La superficie di Bennu ha risposto al contatto con il TAGSAM – ovvero il modulo all’estremità del braccio robotico deputato al campionamento –  come un fluido viscoso, ma con resistenza minima, come se le particelle presenti sulla superficie dell’asteroide avessero coesione tra di loro pari a zero”, spiega Maurizio Pajola, ricercatore dell’INAF di Padova e membro italiano del team di OSIRIS-Rex, tra i coautori dell’articolo pubblicato oggi su Science a prima firma di Dante Lauretta.

Le difficoltà per arrivare a questo campionamento sono state estreme. La superficie è solo composta di massi. Ci si aspettava di trovare una zona di almeno 25-50 metri quadrati della superficie dell’asteroide ricche di polvere e prive di rischio. In realtà, di zone con quelle caratteristiche non ce ne sono proprio su Bennu. Ciononostante, sono stati raccolti ben oltre i 60 grammi minimi richiesti dalla NASA”, commenta Pajola. “Il veicolo spaziale ha recuperato circa 250 grammi di materiale. Molto molto di più se pensiamo ai 5 grammi raccolti su Ryugu dalla sonda Hayabusa 2”.

Di cos’è fatto Bennu

Dalle analisi effettuate, poi, il materiale che si è alzato dalla superficie e che in parte si è depositato sulla strumentazione di bordo assomiglia al materiale che ritroviamo dentro alle meteoriti carbonacee alterate dall’acqua.
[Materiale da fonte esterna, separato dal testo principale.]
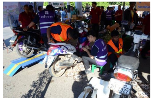
วิทยาลัยเทคนิคยโสธร เปิดศูนย์ ตรวจรถก่อนใช้เดินทางปลอดภัย อาชีวะอาสา ร่วมกับ กรมการขนส่งทางบกจังหวัดยโสธร จัดตั้งศูนย์ตรวจซ่อมรถบริการถ่ายน้ำมันเครื่องฟรี ระหว่างวันที่ 29 ธันวาคม 2558 ถึง วันที่ 4 มกราคม 2559 โดยมีวัตถุประสงค์เพื่อรณรงค์ป้องกันและลด อุบัติเหตุทางถนนและสร้างจิตสำนึกให้ประชาชนหันมาใส่ใจตรวจความพร้อมของรถทุกครั้ง ก่อนเดินทางและเพื่อ พัฒนาการเรียนรู้ การฝึกทักษะให้นักเรียนและนักศึกษา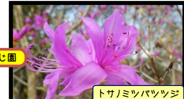
トサノミツバツツジ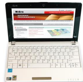
Rysunek 4. Netbook

Mniejszym od laptopa przenośnym komputerem jest netbook (rys. 4. 4 ). Jest on zazwyczaj lżejszy od tradycyjnego laptopa, a jego klawiatura i ciekłokrystaliczny ekran mają mniejsze rozmiary. Można go zatem nosić w małej, podręcznej torbie i wygodnie korzystać z niego w czasie podróży. Netbook nie ma zazwyczaj napędu optycznego potrzebnego do korzystania z płyt CD czy DVD. Posiada jednak porty USB, które umożliwiają korzystanie m.in. z urządzeń PenDrive.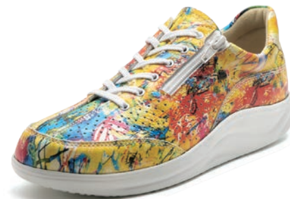
762010 SS アートマルチ 2-7 ⑧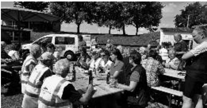
Rast in Gallschütz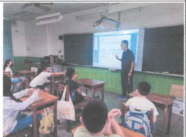
說明：老師法律知識宣導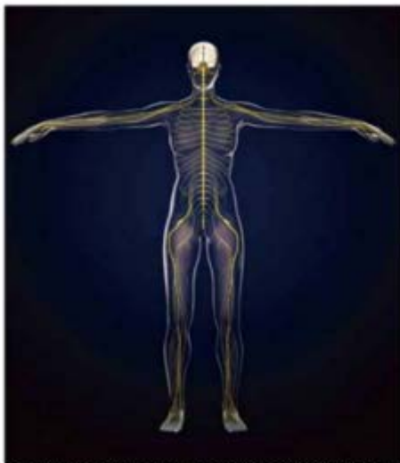
神経にどのような刺激を与えたらよいのかその刺激の源がSPAOREの開発でした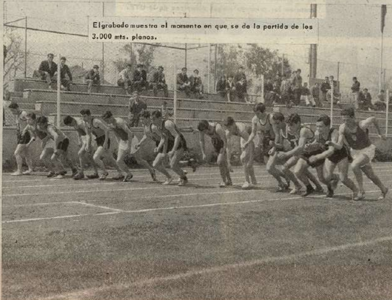
El grabado muestra el momento en que se da la partida de los 3.000 mts. planos.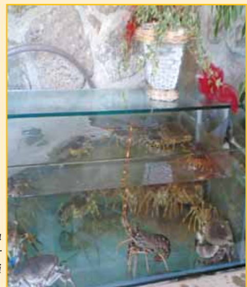
La vasca del vivo per i crostacei all'interno.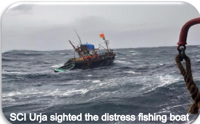
SCI Urja sighted the distress fishing boat

Due to quick and effective assistance rendered by 'SCI Urja' in such challenging circumstances, life of all 18 fishermen could be saved without any reported major injury.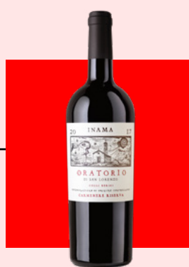
Oratorio di San Lorenzo Inama – 2017

Un sauvignon che si presenta leggermente ridotto rispetto ai classici monovarietali alto atesini, una stilistica scelta e ricercata proprio dalla cantina stessa. Pietra focaia, sambuco, pesca, leggere note di polvere da sparo, un naso molto invitante con dei profumi che ricordano i grandi sauvignon dei cugini d'Oltralpe. Al palato minerale con un incredibile nota sapida, lungo sul finale e tagliente al punto da richiedere un piatto importante come questo, che ne fa un abbinamento ideale.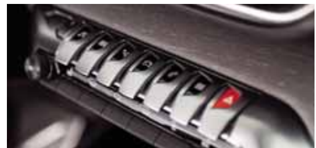
Detalles premium como los controles encontrados en el interior del vehículo, hacen que la sensación de manejar un 5008 sea muy especial.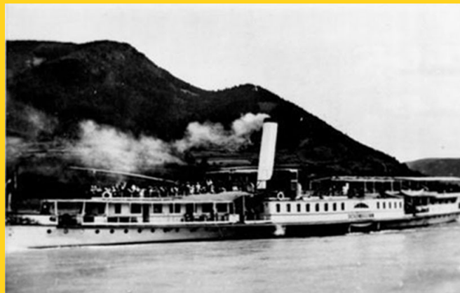
Aussiedlerschiff auf der Donau

ALLEN TEILNEHMERN wünschen wir eine gute Anreise und am Tage der Veranstaltung viele gute Begegnungen.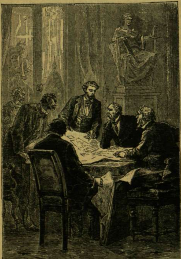
A VÉDELMI TANÁCS.

A birmai király Theeban a híres Aypongee vagy Phothoodon jóst, ki győzelmet jósolt neki,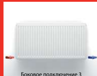
Боковое подключение 3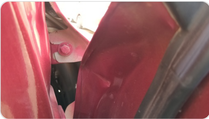
رفرف امامي شمال : اثار فك وتركيب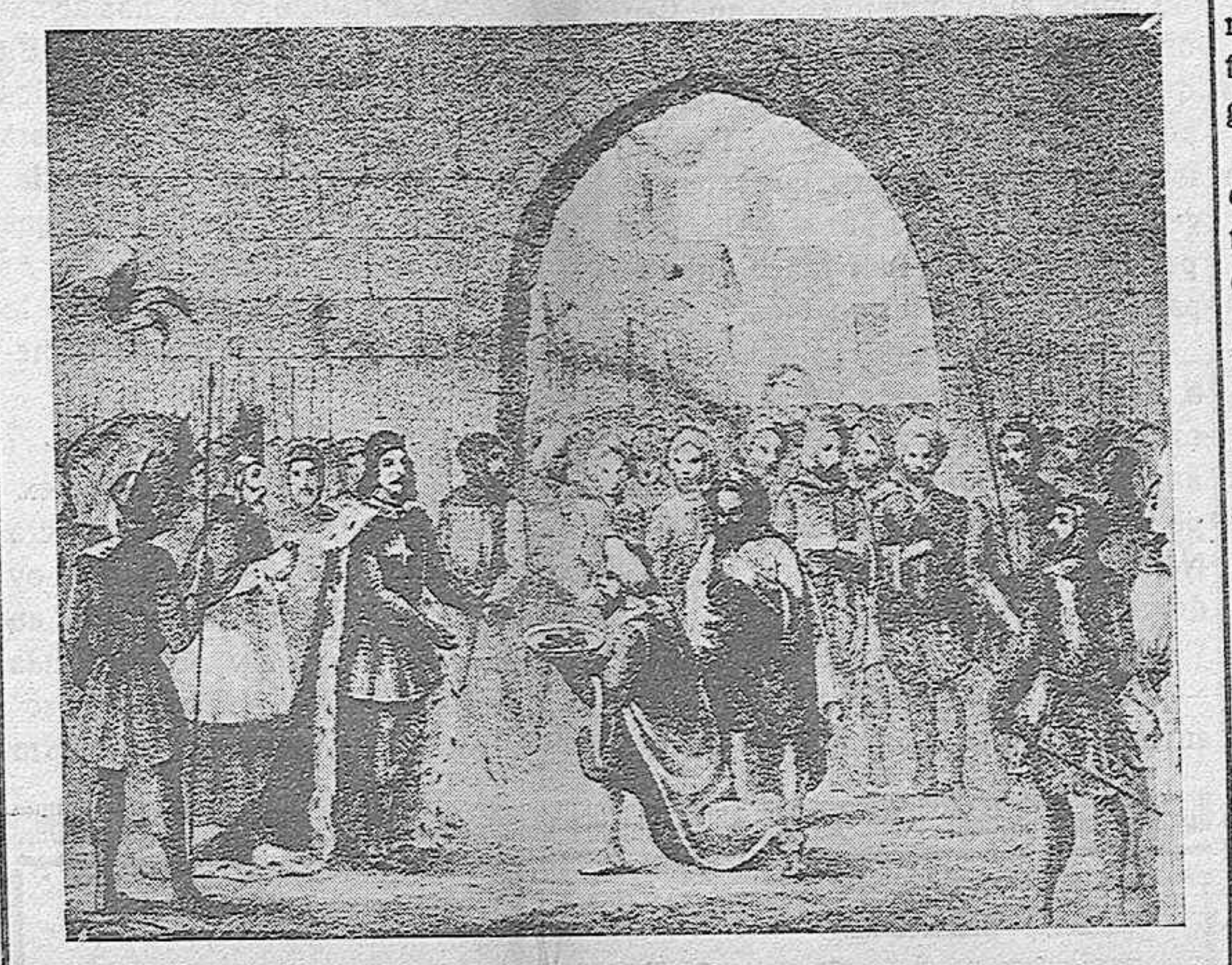
El Rey San Fernando recibe de mano de los infieles las llaves de Córdoba (Del grabado de un libro del Marqués de Cabriñana).

Bennu è un Near Earth Object di tipo B, e quindi ci aspettavamo che la sua superficie fosse caratterizzata dalla presenza di minerali idrati. Però è anche un oggetto particolarmente scuro, e quindi ricco di composti del carbonio”, sottolinea Pajola. “Quel che non ci aspettavamo era che si depositasse abbondante polvere su alcune delle ottiche, e questo ha diminuito un po’ il segnale acquisito dalla strumentazione di bordo. I dati che abbiamo preso quando OSIRIS-REx si è avvicinato e poi allontanato dalla superficie comunque confermano quanto atteso: il materiale era ricco composti organici e minerali idrati. La prova definitiva di questo ce l’avremo quando potremo analizzare i campioni a Terra, anzi: come successo per Hayabusa-2, siamo sicuri che dentro ai grani ci sia molto di più di quel che abbiamo potuto vedere finora”.
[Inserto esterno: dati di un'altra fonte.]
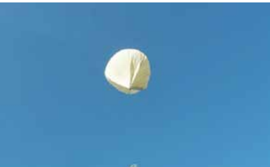
SEBA-6 WYRUSZA NA WSCHÓD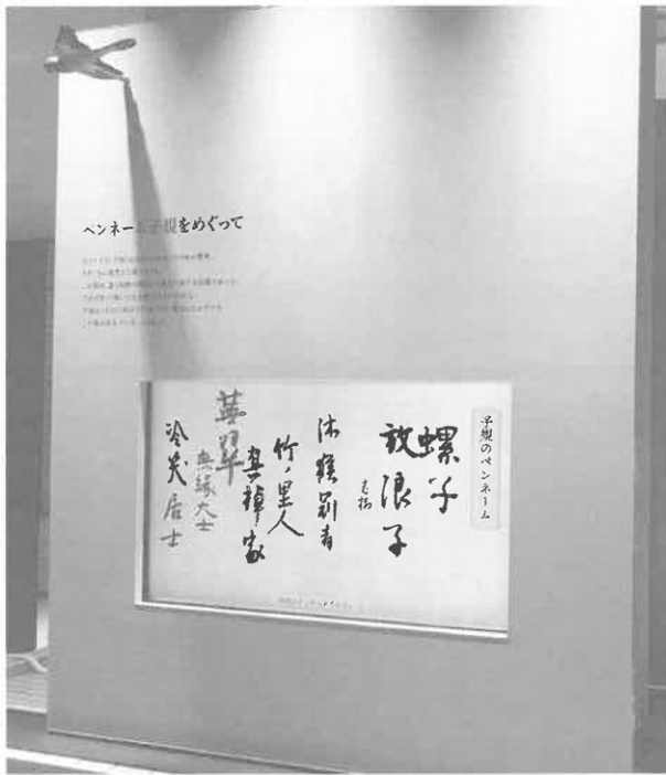
▲子規が考えたペンネームを64個紹介しています。 (右はその読み方)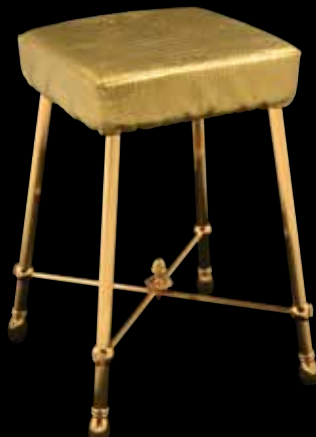
293 CRISTAL & BRONZE Tabouret de salle de bain et métal et bronze doré. L'assise carrée, piètement en bronze doré cannelé réuni par une entretoise surmontée d'une pomme de pin. Assise en skai doré à l'imitation du python. 49 x 31 cm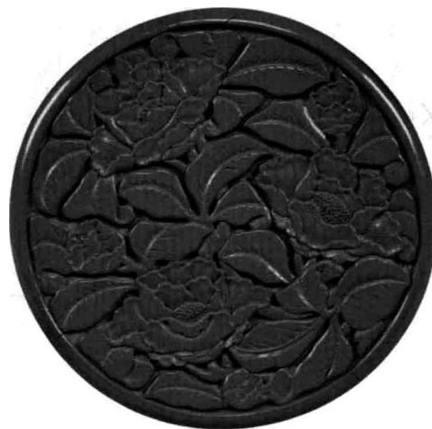
图7 明永乐牡丹纹盘（偏黑红色的剔犀器）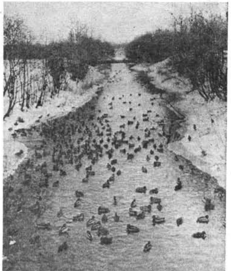
Птичий базар в Купчине.

Бросил солище в сосновые лапы И в росинках зажег огоньки, Светлым дождиком звонко прокапал И ольхою зацвел у реки. В лес и в поле принес он тревогу, Слово сказочный, песенный Лель... По тропинкам лесным, по дорогам Прошагал снеглазый апрель. Валентина СЕРКОВА, студентка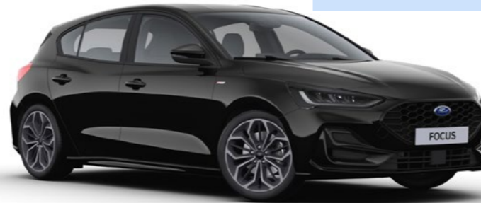
Premium metaallak Agate Black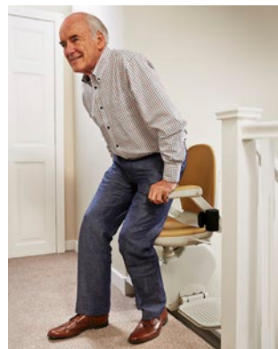
Arrêt du haut – siège tourné vers le palier pour assurer un transfert sûr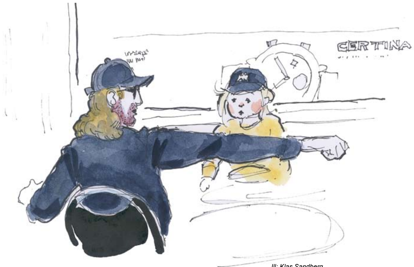
III: Klas Sandberg

Arrangör: Vänsterpartiets pensionärsförening Nyfiken Grå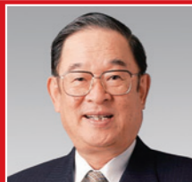
取締役会長 Chairman 張 富士夫 Fujio Cho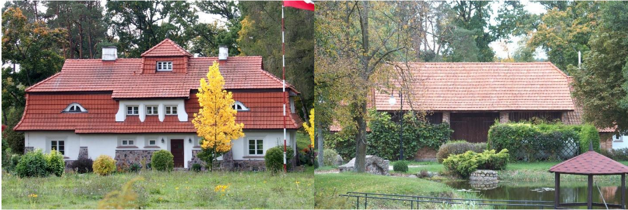
Zdjęcia nr 17, 18. Zespół dworsko-parkowy, Lelewo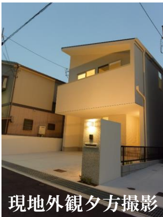
現地外観夕方撮影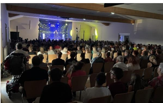
Soirée Magic Pirates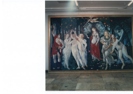
Kopie Sandro Botticelli "LA PRIMAVERA" Versuch einer Enthüllung 1992 Öl/Leinwand

© VG Bild-Kunst, Bonn; Philipp Schack Foto: Philipp Schack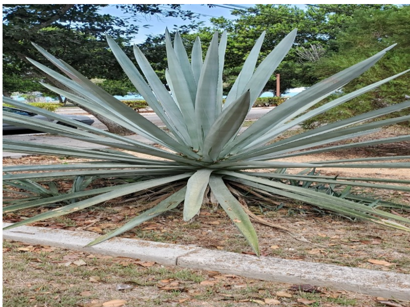
Figura 3. Agave fourcroydes . Marzo, 2023.

En el área didáctica del Jardín Botánico de Matanzas existen ejemplares de la misma, según aparecen en la Figura 3.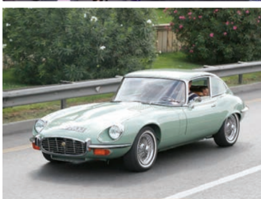
— YÜRÜŞDƏKİ — "Ən unikal avtomobil" Jaguar E-Type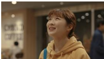
(伊藤さん) 「また、ふるさとの味するかな〜」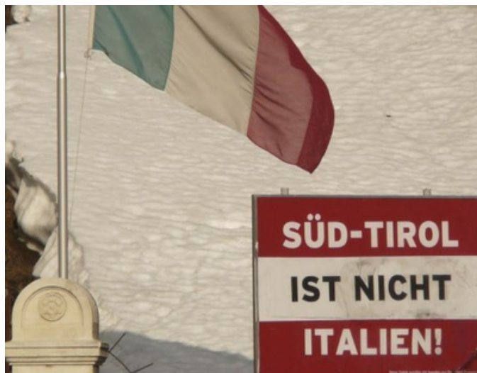
Tabelayek li Tîrolê: Tîrola Başûr ne Îtalya ye /Historiek.net

1969'an de bi alîkariya Neteweyên Yekbûyî di navbera Îtalya û Awusturyayê de peyman xweseriya Tîrola Başûr hat îmzekirin. Peymana xweseriyê ji 1972'an şûn ve gav bi gav hat meşandin û di 1992'an de her du devlet bi fermî dan zanîn, meseleya Tîrola Başûr hatiye çareserkirin.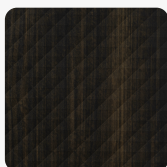
LR29 CH Cheope Fittipaldi Povrchová štruktúra Cheope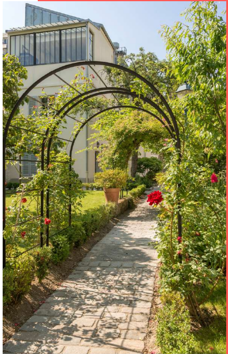
Musée de Montmartre - Jardins Renoir juin 2015

Un accompagnateur gratuit tous les 10 enfants. Les accompagnateurs supplémentaires doivent s'acquitter d'un droit d'entrée à 9,50 €.

Se Osiris-Rex si fosse posato sulla superficie

Il fatto che si sia creato un cratere così grande in seguito al campionamento sull’asteroide è la prima dimostrazione che le particelle che compongono l’esterno di Bennu sono così poco impacchettate e legate tra loro da opporre una resistenza minima alla pressione. Per fare un esempio, se una persona dovesse camminare su Bennu si troverebbe come se calpestasse una distesa di palline di plastica come quelle che si trovano nelle aree di gioco per bambini. Se quindi la sonda non avesse azionato i suoi propulsori per indietreggiare subito dopo aver afferrato polvere e roccia dalla superficie dell’asteroide, sarebbe sprofondata al suo interno.
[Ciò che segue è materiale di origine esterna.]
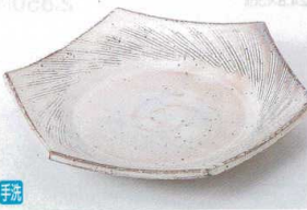
テ194-06 粉引柳目六角皿 19.5×17.5×4.5cm 2,300円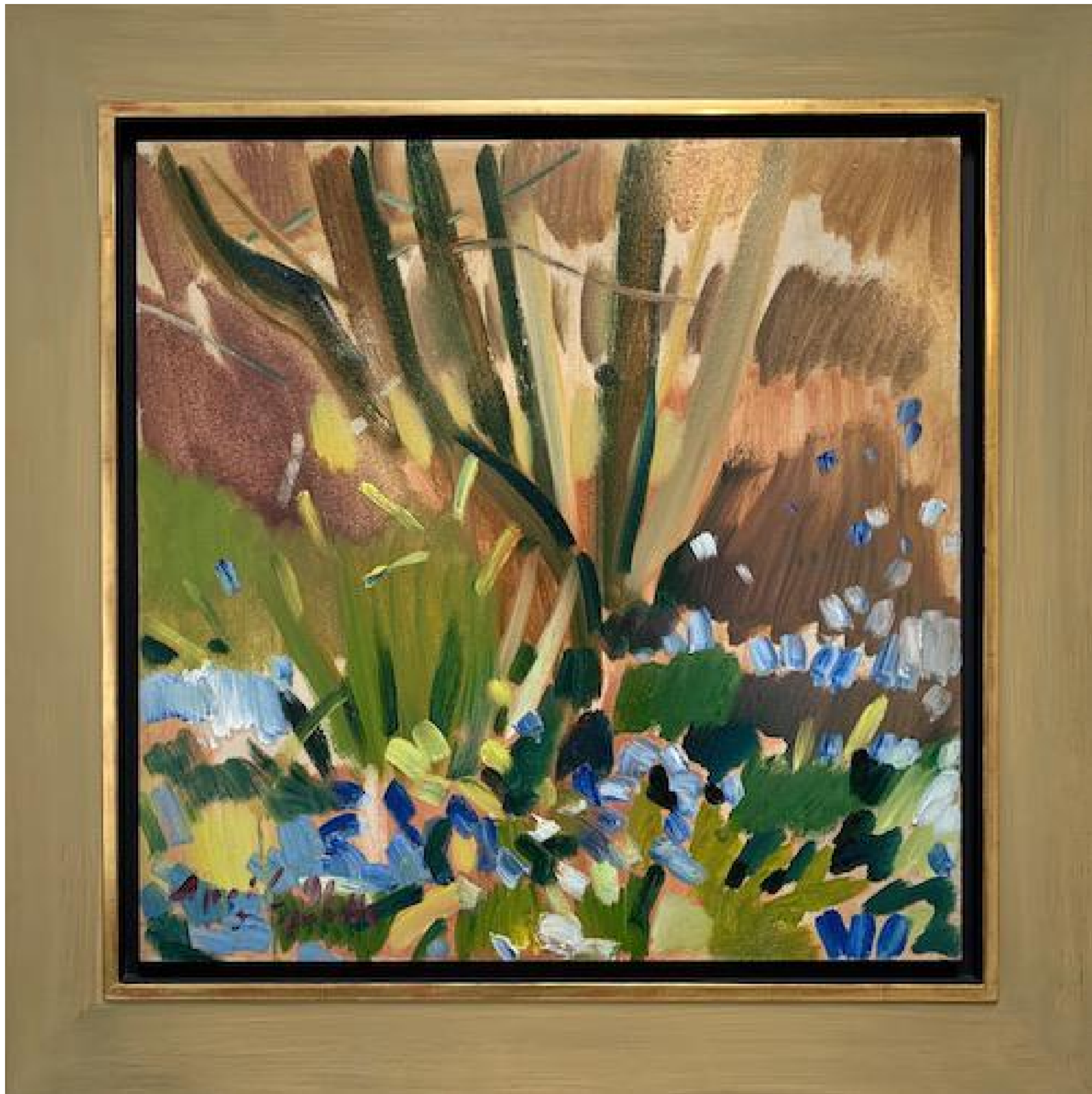
Siegward Sprotte - Für Barthold Heinrich Brockes, 1991 Öl auf Hartfaser, 61 x 61 cm

È possibile che asteroidi come Bennu – solo debolmente tenuti insieme dalla gravità o dalla forza elettrostatica – possano disgregarsi in caso di ingresso nell’atmosfera terrestre e quindi rappresentare un tipo di pericolo diverso rispetto agli asteroidi solidi. La ricerca su questi corpi, comunque, è ancora all’inizio e le domande aperte sono ancora molte. Quel che è certo è che le informazioni precise ricavate dagli scienziati sulla superficie di Bennu possono aiutare gli scienziati a interpretare meglio le osservazioni a distanza di altri asteroidi, il che potrebbe essere utile per progettare future missioni e per sviluppare metodi per proteggere la Terra dalle collisioni con gli asteroidi.